▶ _Assignment_: Quote the listing below in full and exactly as written, but omit every picture.

───── Data under study

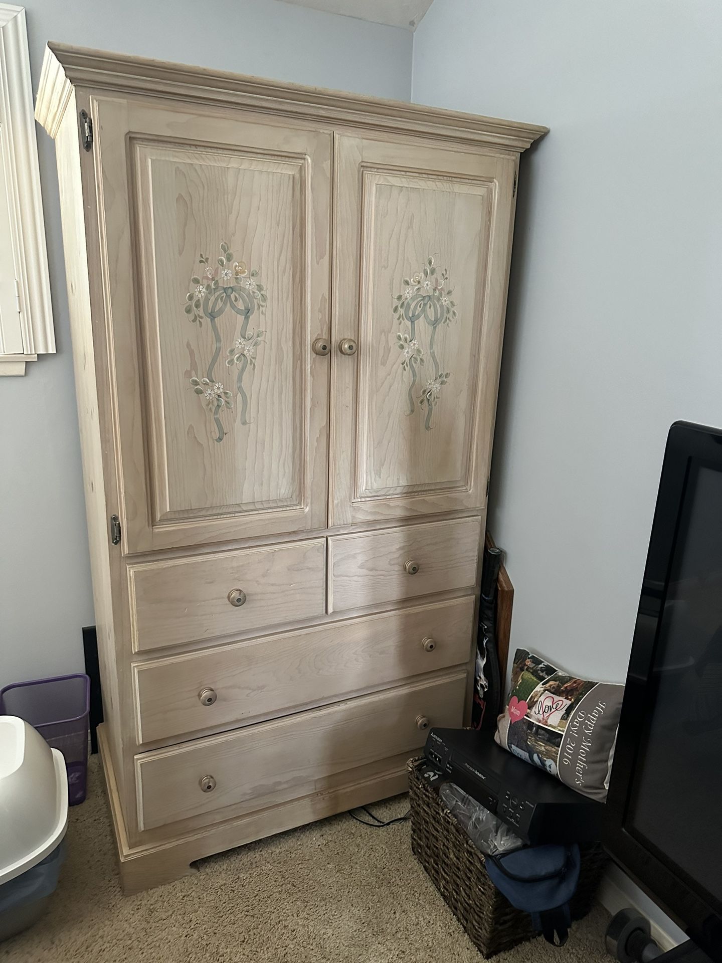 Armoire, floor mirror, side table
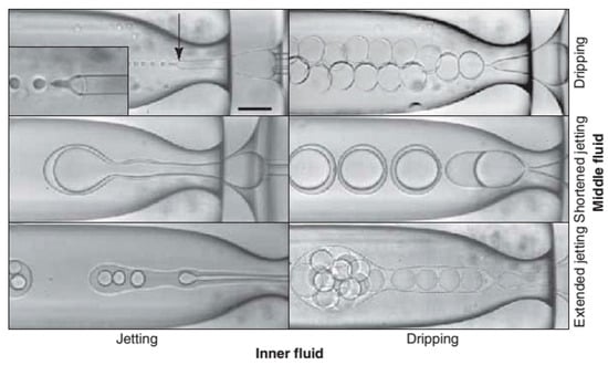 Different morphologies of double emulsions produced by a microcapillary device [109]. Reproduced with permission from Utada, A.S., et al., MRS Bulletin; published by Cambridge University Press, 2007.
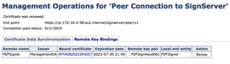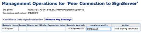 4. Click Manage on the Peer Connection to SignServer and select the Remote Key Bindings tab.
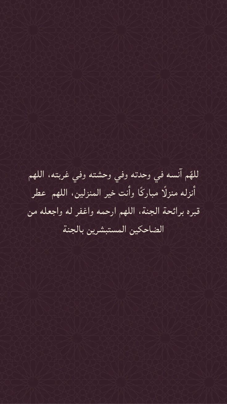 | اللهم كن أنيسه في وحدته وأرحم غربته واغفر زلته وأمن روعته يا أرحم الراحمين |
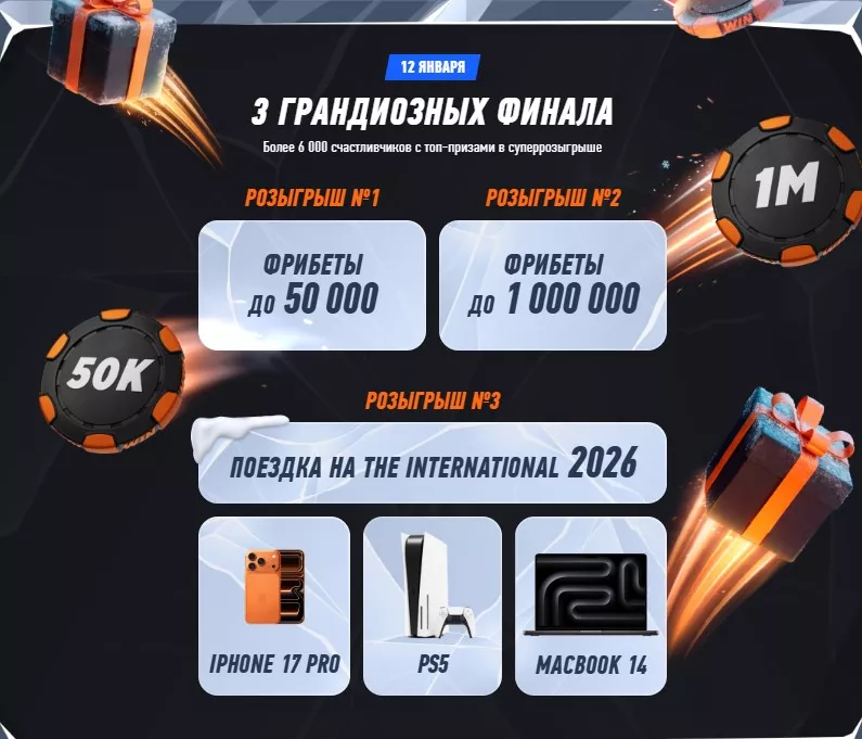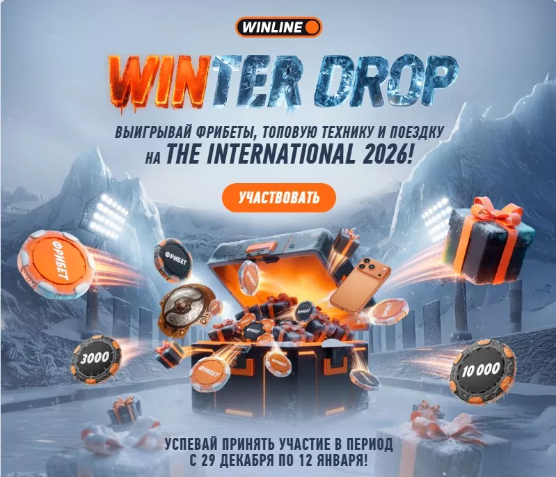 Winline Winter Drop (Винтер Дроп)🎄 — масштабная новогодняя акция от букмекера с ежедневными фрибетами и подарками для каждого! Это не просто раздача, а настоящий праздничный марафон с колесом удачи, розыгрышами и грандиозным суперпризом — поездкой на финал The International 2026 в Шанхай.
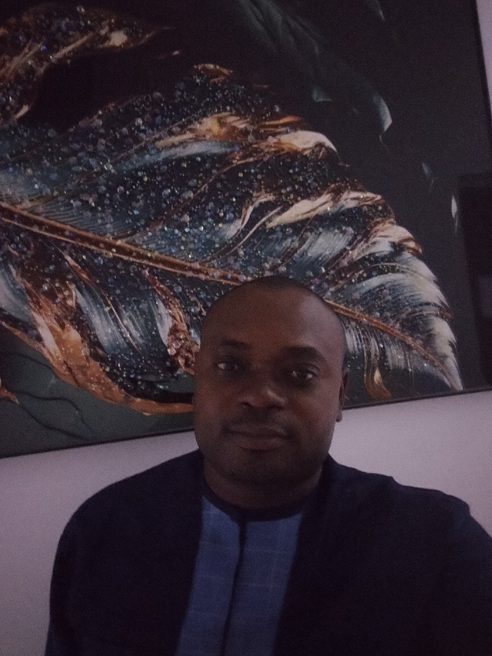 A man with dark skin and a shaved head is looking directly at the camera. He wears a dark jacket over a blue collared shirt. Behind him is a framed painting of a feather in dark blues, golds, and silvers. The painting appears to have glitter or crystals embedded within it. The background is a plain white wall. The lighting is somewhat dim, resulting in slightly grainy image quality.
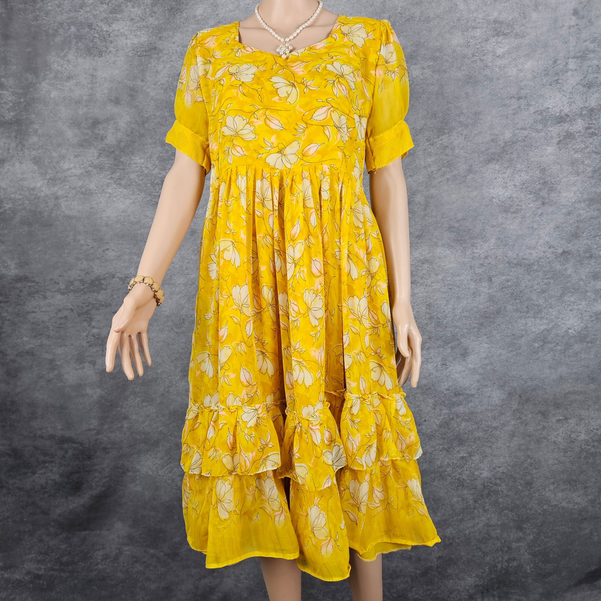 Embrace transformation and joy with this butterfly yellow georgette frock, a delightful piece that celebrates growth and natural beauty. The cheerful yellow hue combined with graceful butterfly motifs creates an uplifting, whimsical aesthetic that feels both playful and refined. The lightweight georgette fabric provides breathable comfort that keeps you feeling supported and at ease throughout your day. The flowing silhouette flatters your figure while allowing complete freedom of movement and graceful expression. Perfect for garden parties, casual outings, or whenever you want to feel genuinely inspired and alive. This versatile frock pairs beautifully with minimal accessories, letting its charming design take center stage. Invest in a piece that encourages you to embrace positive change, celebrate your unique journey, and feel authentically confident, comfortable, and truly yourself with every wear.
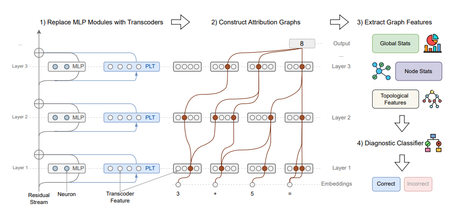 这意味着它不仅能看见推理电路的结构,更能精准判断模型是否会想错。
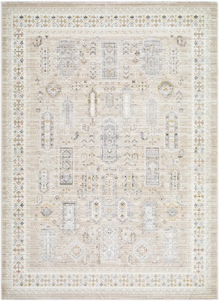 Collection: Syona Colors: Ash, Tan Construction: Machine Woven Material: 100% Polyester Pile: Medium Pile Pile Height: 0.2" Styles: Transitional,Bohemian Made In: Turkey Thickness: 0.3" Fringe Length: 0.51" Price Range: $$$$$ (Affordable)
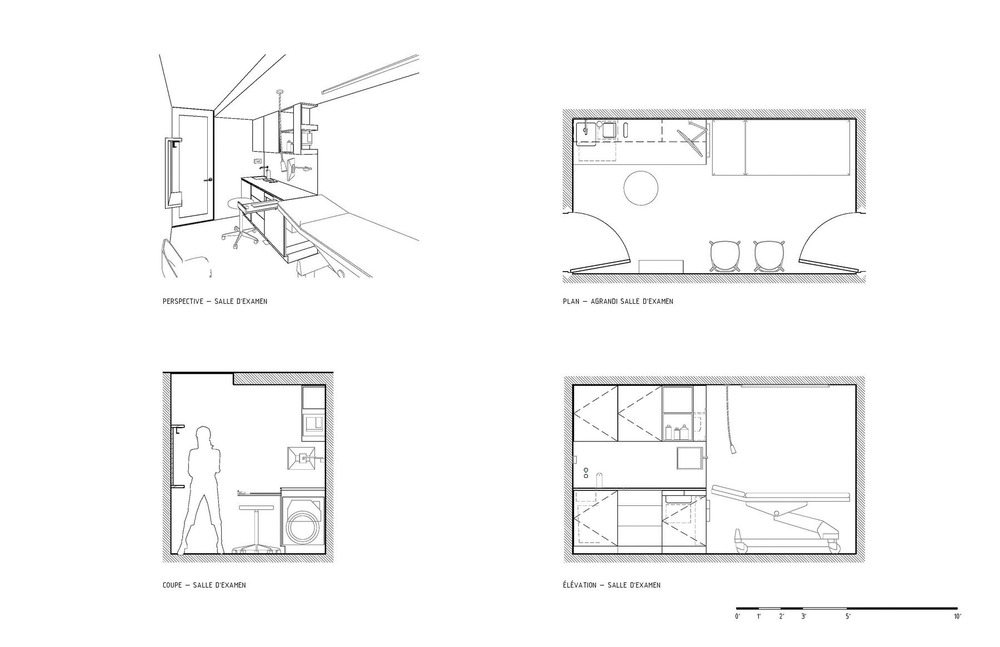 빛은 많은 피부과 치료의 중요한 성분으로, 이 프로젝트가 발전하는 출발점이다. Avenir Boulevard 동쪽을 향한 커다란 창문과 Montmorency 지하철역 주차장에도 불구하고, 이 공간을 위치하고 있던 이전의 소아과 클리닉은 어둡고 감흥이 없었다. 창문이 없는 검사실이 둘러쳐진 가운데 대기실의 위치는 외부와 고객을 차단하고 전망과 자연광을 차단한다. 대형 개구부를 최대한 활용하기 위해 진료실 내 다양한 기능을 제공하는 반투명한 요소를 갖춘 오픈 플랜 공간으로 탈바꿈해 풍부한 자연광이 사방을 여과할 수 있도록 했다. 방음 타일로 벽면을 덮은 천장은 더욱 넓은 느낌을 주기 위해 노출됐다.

──────────

▶ _Answer to this problem_:
 Armoire, floor mirror, side table
 Different morphologies of double emulsions produced by a microcapillary device [109]. Reproduced with permission from Utada, A.S., et al., MRS Bulletin; published by Cambridge University Press, 2007.
 4. Click Manage on the Peer Connection to SignServer and select the Remote Key Bindings tab.
 | اللهم كن أنيسه في وحدته وأرحم غربته واغفر زلته وأمن روعته يا أرحم الراحمين |
 Winline Winter Drop (Винтер Дроп)🎄 — масштабная новогодняя акция от букмекера с ежедневными фрибетами и подарками для каждого! Это не просто раздача, а настоящий праздничный марафон с колесом удачи, розыгрышами и грандиозным суперпризом — поездкой на финал The International 2026 в Шанхай.
 A man with dark skin and a shaved head is looking directly at the camera. He wears a dark jacket over a blue collared shirt. Behind him is a framed painting of a feather in dark blues, golds, and silvers. The painting appears to have glitter or crystals embedded within it. The background is a plain white wall. The lighting is somewhat dim, resulting in slightly grainy image quality.
 Embrace transformation and joy with this butterfly yellow georgette frock, a delightful piece that celebrates growth and natural beauty. The cheerful yellow hue combined with graceful butterfly motifs creates an uplifting, whimsical aesthetic that feels both playful and refined. The lightweight georgette fabric provides breathable comfort that keeps you feeling supported and at ease throughout your day. The flowing silhouette flatters your figure while allowing complete freedom of movement and graceful expression. Perfect for garden parties, casual outings, or whenever you want to feel genuinely inspired and alive. This versatile frock pairs beautifully with minimal accessories, letting its charming design take center stage. Invest in a piece that encourages you to embrace positive change, celebrate your unique journey, and feel authentically confident, comfortable, and truly yourself with every wear.
 这意味着它不仅能看见推理电路的结构,更能精准判断模型是否会想错。
 Collection: Syona Colors: Ash, Tan Construction: Machine Woven Material: 100% Polyester Pile: Medium Pile Pile Height: 0.2" Styles: Transitional,Bohemian Made In: Turkey Thickness: 0.3" Fringe Length: 0.51" Price Range: $$$$$ (Affordable)
 빛은 많은 피부과 치료의 중요한 성분으로, 이 프로젝트가 발전하는 출발점이다. Avenir Boulevard 동쪽을 향한 커다란 창문과 Montmorency 지하철역 주차장에도 불구하고, 이 공간을 위치하고 있던 이전의 소아과 클리닉은 어둡고 감흥이 없었다. 창문이 없는 검사실이 둘러쳐진 가운데 대기실의 위치는 외부와 고객을 차단하고 전망과 자연광을 차단한다. 대형 개구부를 최대한 활용하기 위해 진료실 내 다양한 기능을 제공하는 반투명한 요소를 갖춘 오픈 플랜 공간으로 탈바꿈해 풍부한 자연광이 사방을 여과할 수 있도록 했다. 방음 타일로 벽면을 덮은 천장은 더욱 넓은 느낌을 주기 위해 노출됐다.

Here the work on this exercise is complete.